LA LIBERTÉ DÉMONTRÉE PAR LA MÉCANIQUE


S’il est un problème qui tout à la fois passionne et désespère, c’est celui de la liberté. Depuis le jour où l’homme s’est mis à réfléchir sur sa propre nature, il n’a cessé de se poser cette question Suis-je libre ? La réponse diffère suivant le point de vue où il se place. Législateur ou juge, le libre arbitre est pour lui un dogme ; prêtre ou fidèle, il en fait le sacrifice absolu aux pieds de la divinité. Philosophe moraliste, il trouve dans son sens intime la preuve irréfragable de l’indépendance de sa pensée consciente ; philosophe physicien, les lois de la nature, universelles et immuables, lui défendent d’accorder à n’importe quel être le privilège de s’y soustraire.
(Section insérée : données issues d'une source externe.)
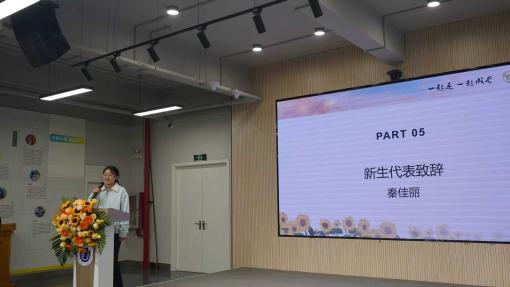 理学院2025级本科生秦佳丽同学代表受助新生发言,表达了对基金会与学校的诚挚感谢,并表示将珍惜机会、勤奋学习,用实际行动回报社会关爱。

S’agit-il d’expliquer l’origine de la matière, du mouvement, de la vie, de la sensibilité, de la finalité, de la pensée, ou, comme les a appelées M. du Bois-Reymond, les énigmes du monde[1], les penseurs conservent des doutes ; ils énoncent leur opinion avec une certaine défiance et essayent autant de se convaincre eux-mêmes que de convaincre leurs adversaires. Qu’ils le disent ou qu’ils le taisent, ils plaident en faveur d’une probabilité. Le libre arbitre est-il en cause, tant qu’il s’agit de théorie et non de pratique ceux qui l’affirment, comme ceux qui le nient, ont une persuasion égale, et ni les uns ni les autres ne parviennent à comprendre comment il se fait que tout le monde ne la partage pas.

Les autres énigmes nous touchent de moins près ; et, à tout prendre, il nous semble que nous avons soulevé quelque coin du voile qui les recouvre. L’astronomie, la physique, la chimie, la physiologie, si elles ne nous permettent pas encore d’en entrevoir la solution, les ont du moins beaucoup simplifiées, et nous croyons

  1. Die sieben Welträthsel, discours prononcé devant l’Académie de Berlin, le 8 juillet 1880, pour l’anniversaire de Leibniz ; voir Revue phil., février 1882. p. 180.